A eugenia é mesmo uma prática desumana. Mas em vez de o autor condenar todos os casos de aborto, ele prefere defender todos os casos. Em qualquer situação, sem restrições. O que isso significa, na prática? Que uma mãe que se arrependeu de ter levado a gravidez adiante pode decidir pelo aborto mesmo no sexto mês de gestação? Alguém já viu um ultrassom de um feto com quatro, cinco meses? Pretende negar que se trata claramente de um bebê humano? Sem restrições: e em nome do humanismo…
Por que a vida com microcefalia é descartável e outras não? Quais serão os próximos? Todos os que não se encaixam na apertada caixa da “normalidade” que cismamos em construir e cultivar socialmente? Não julguemos as mães, mas nós mesmos enquanto sociedade.

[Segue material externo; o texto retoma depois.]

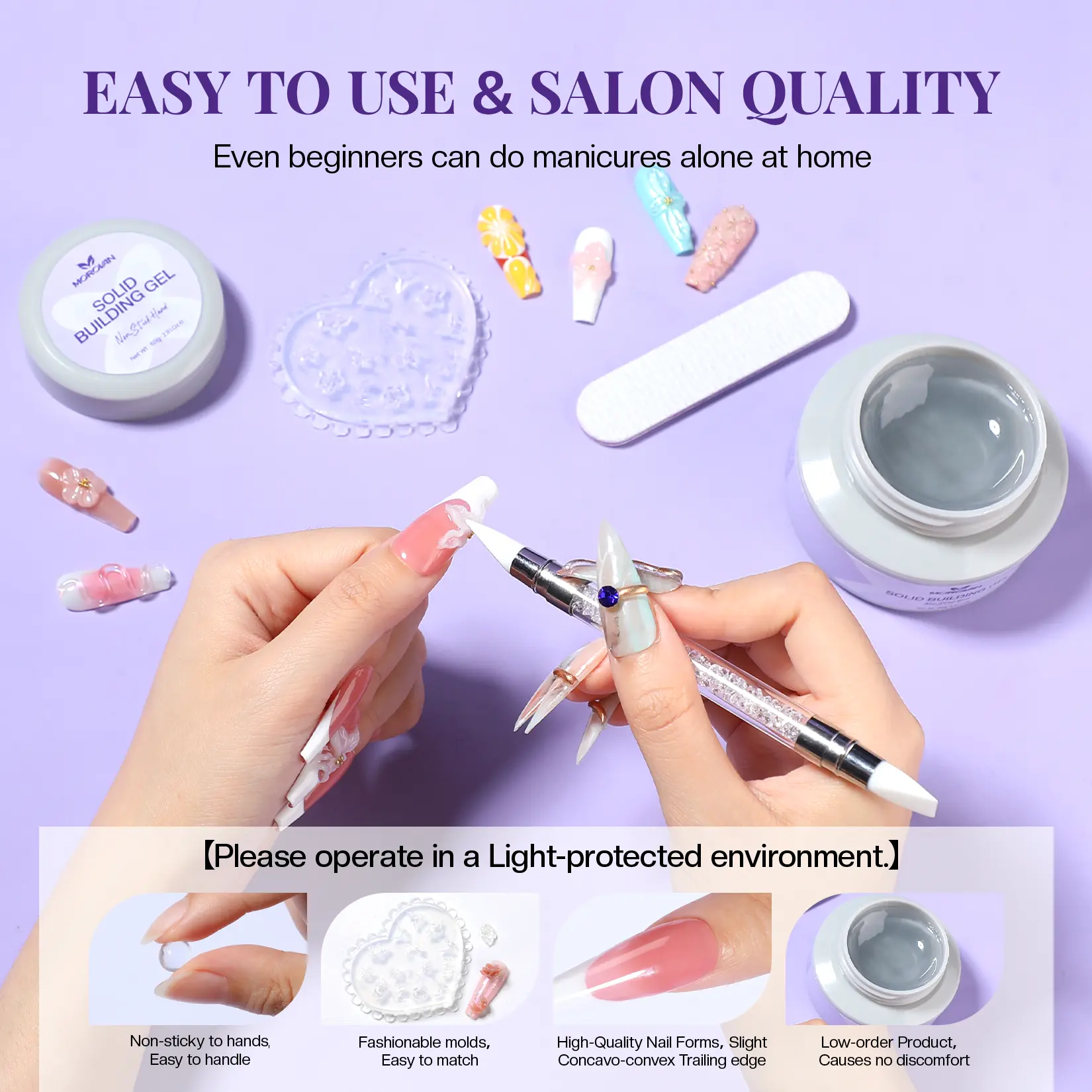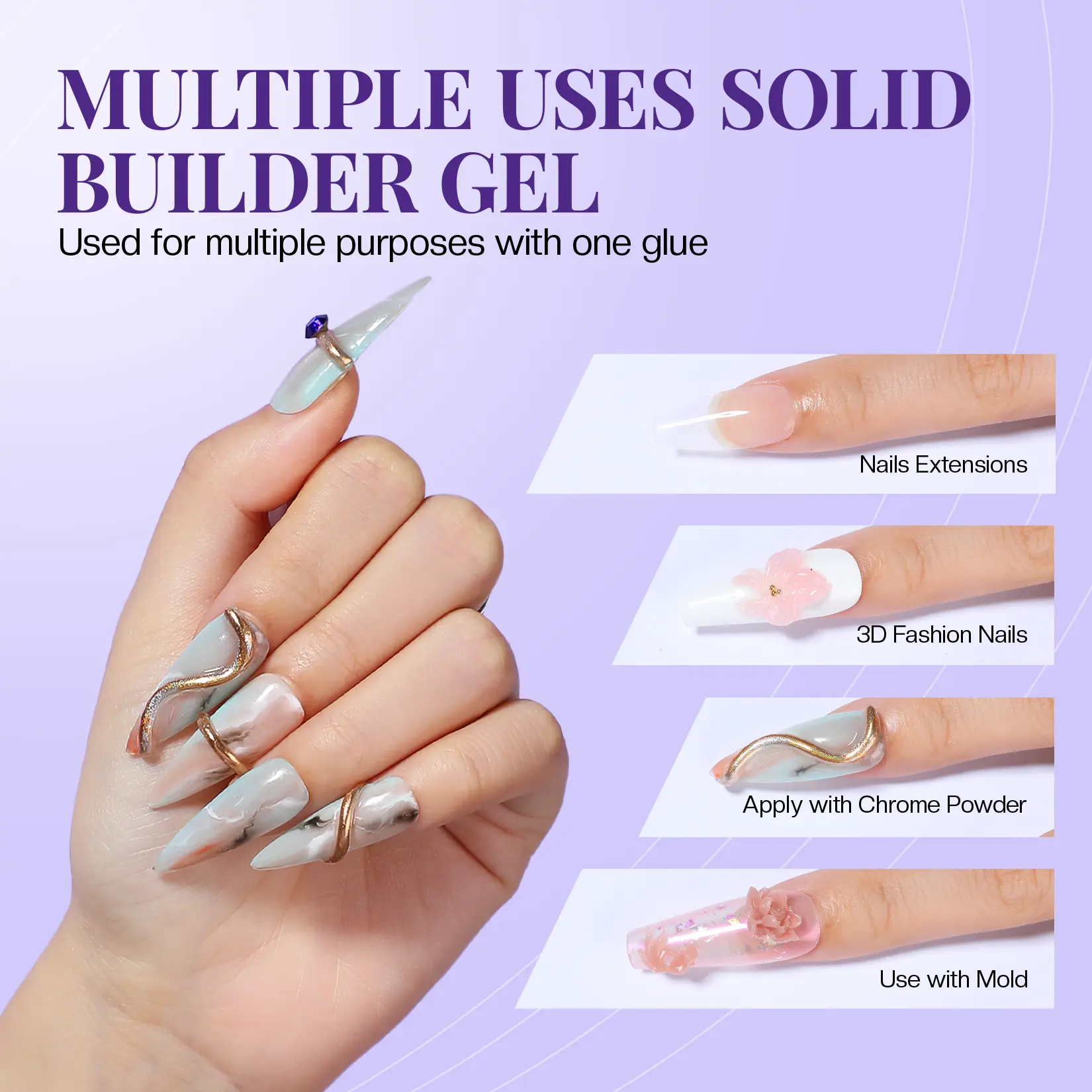 SOLID BUILDING GEL: This upgraded building gel can be used as nail extension gel with soft texture, non-flowing and non-sticky. 3D STRUCTURING GEL MANICURE: You can use the silicone moulds and pens to create 3D sculpting manicure or you can mix it with mirrored powder, sculpt it yourself and apply it to your nails. Have fun making nail art

A resposta do autor à eugenia é tornar todas as vidas descartáveis. Faz sentido? Julguemos nós mesmos enquanto sociedade: que tipo de civilização queremos construir se nenhuma vida humana tem valor intrínseco a ponto de merecer ser defendida contra o “sofrimento” da mulher?
Há algo muito mais do que simbólico em alargarmos as hipóteses de aborto nessa direção (da eugenia). Embora se queira disfarçar o incômodo com os “incômodos”, nada mais faremos do que reeditar, com roupas novas, o extermínio daqueles considerados como de menor valor.
Logo, vamos exterminar todos de uma vez, sem distinção, sem preconceito, across the board!
Assim, nós nos comportaremos, como cada vez mais fazemos, como consumidores e não como cidadãos, rejeitando as “mercadorias” fora do “padrão”.
Comportar-se como cidadão, no caso, seria tratar todos os fetos como mercadorias, que podem ser descartadas de acordo com a vontade da mulher e nada mais? Não dá para engolir isso. Menos ainda quando tal bandeira vem associada ao “liberalismo humanista”. Não é liberal, tampouco humanista.